No último domingo (26), o maior gênio da economia brasileira teria completado 100 anos se estivesse vivo. Seu pensamento desenvolvimentista, contudo, segue absolutamente vistoso e em expansão. Com imensas realizações e passagens históricas, da FEB (Força Expedicionária Brasileira) à FEB (Formação Econômica do Brasil, obra clássica do economista), Celso Furtado conseguiu, com maestria, conciliar a profícua vida acadêmica com a agitada vida política. Do sertão da Paraíba a Sorbonne, LSE e Yale, encantou a academia mundial e enervou coronéis nordestinos.
Junto com o argentino Raúl Prebisch, desenvolveu a escola desenvolvimentista da Cepal (Comissão Econômica para a América Latina e o Caribe, vinculada às Nações Unidas). A partir de seus ensaios, foi possível ter uma noção mais precisa e detalhista do subdesenvolvimento de países pobres, como o Brasil. Muito antes de se falar em “globalização”, Furtado já constatava que, ao contrário do que se defendia (e ainda se defende por aí), países ditos “em desenvolvimento” não caminham necessariamente para um estágio de equiparação com os países ricos.
Numa relação entre países centrais e periféricos, em que estes importam tecnologia e compram o excedente produtivo daqueles, com alto valor agregado, enquanto exportam commodities, a tendência é de aumento da desigualdade. Internamente, enquanto uma pequena parcela da população possui renda suficiente para consumir como se fosse cidadão de um país rico, a grande massa mantém apenas o consumo de subsistência. Como o mercado de bens supérfluos se renova constantemente, ampliando o bem-estar da parcela rica da população, a desigualdade social só aumenta.
Para Furtado, portanto, seria necessário um desenvolvimento comprometido com a igualdade. Industrialização com tecnologias próprias e salários suficientes para que o trabalhador brasileiro consuma além da mera subsistência. Ou seja, que ganhe suficientemente bem para o alimento, o lazer, a cultura, enfim, a dignidade humana. A valorização da mão de obra não é mero capricho de preocupação social, é norte para o desenvolvimento econômico de uma nação livre.
Sendo um pensador desenvolvimentista heterodoxo, sofreu natural oposição. Furtado sempre defendeu o Estado como agente propulsor do progresso e, por conta disso, sua obra foi deixada de lado no auge do neoliberalismo, que propunha o desenvolvimento a partir tão somente da iniciativa privada.
Entretanto, nos últimos anos este modelo se viu colapsando, com desindustrialização e desigualdade social sem precedentes. A pandemia apenas acelerou o processo, descortinando o problema de forma mais ostensiva, trazendo de volta os discursos de Keynes e, claro, de Celso Furtado.

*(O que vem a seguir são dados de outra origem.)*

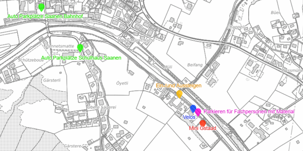 Parkplätze sind beim Bahnhof Saanen und beim Schulhaus Saanen.
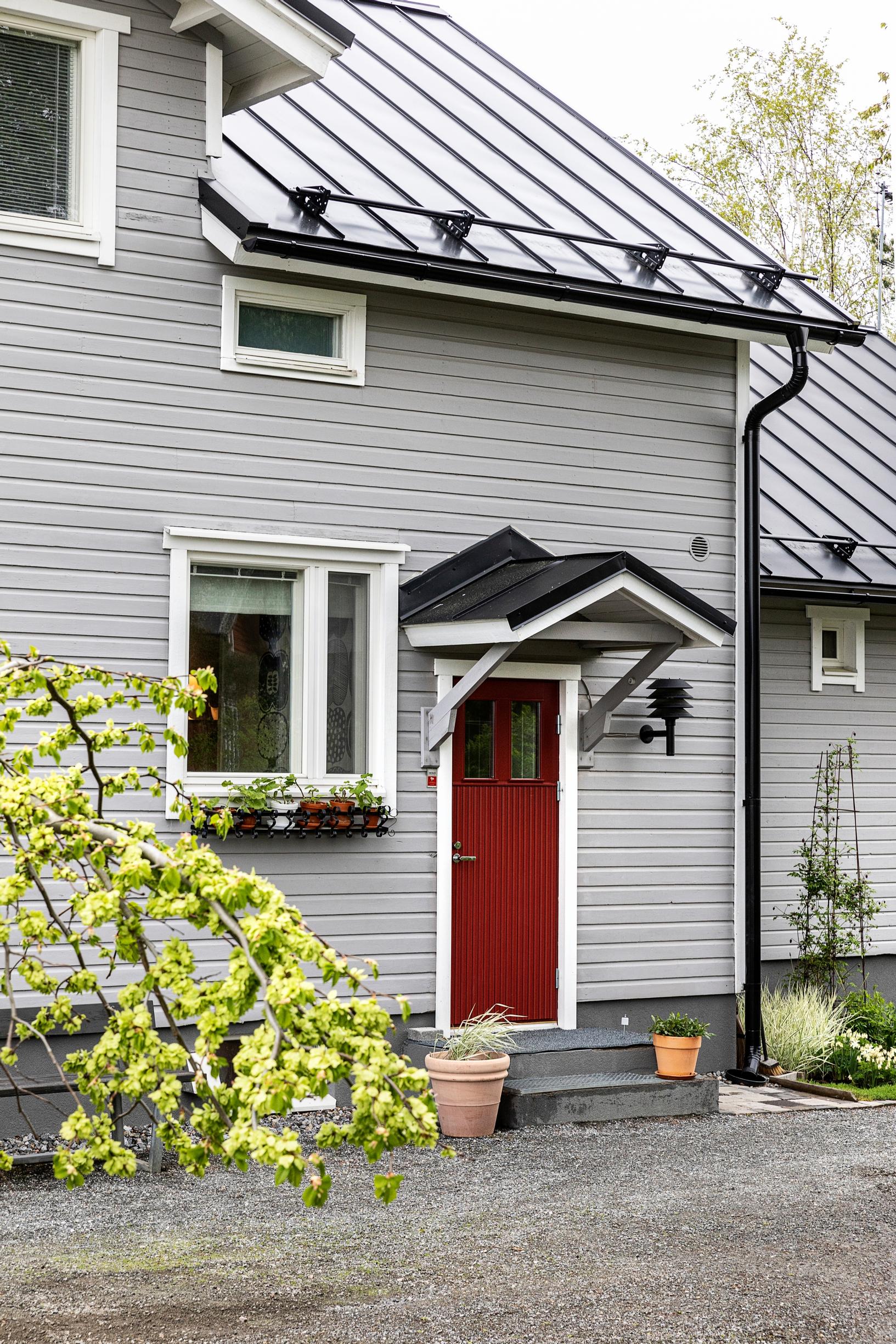 Talon julkisivu oli muuttaessamme kellertävä ja maalasimme sen harmaaksi. Vanhaa maalia rapsutellessamme esille tuli useita eri sävyjä, kuten räikeänvihreää – kaikuja menneisyydestä!
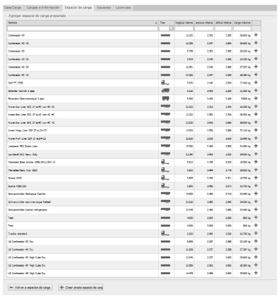 Hay diferentes contenedores, palets y camiones disponibles en nuestro catálogo. Puede encontrar algunos predeterminados en la aplicación en la pestaña “Espacios de carga”. Antes de utilizarlos, puede cambiarlos e incluso crear sus propios espacios de carga según sus necesidades.

Tudo isso colocou o mundo num ponto de convergência, em que, independentemente de ideologias e posições do passado recente, as partes (governos, empresas e cidadãos) assumem maior comprometimento para, em conjunto, aplicarem o “great restart”, defendido por Klaus Schwab (criador do Fórum de Davos).
Mais que atuar apenas nas falhas de mercado (modelo keynesiano), o Estado deve empreender, apostando na iniciativa privada. A empresa deve valorizar as partes interessadas, em especial, o trabalhador. E este, por sua vez, como destinatário final de todo o processo, deve agir com responsabilidade e cidadania para garantir sua liberdade e dignidade. Esse ponto de convergência, rumo ao desenvolvimento global sustentável, talvez seja o legado de todo o trabalho teórico e prático deixado por Celso Furtado.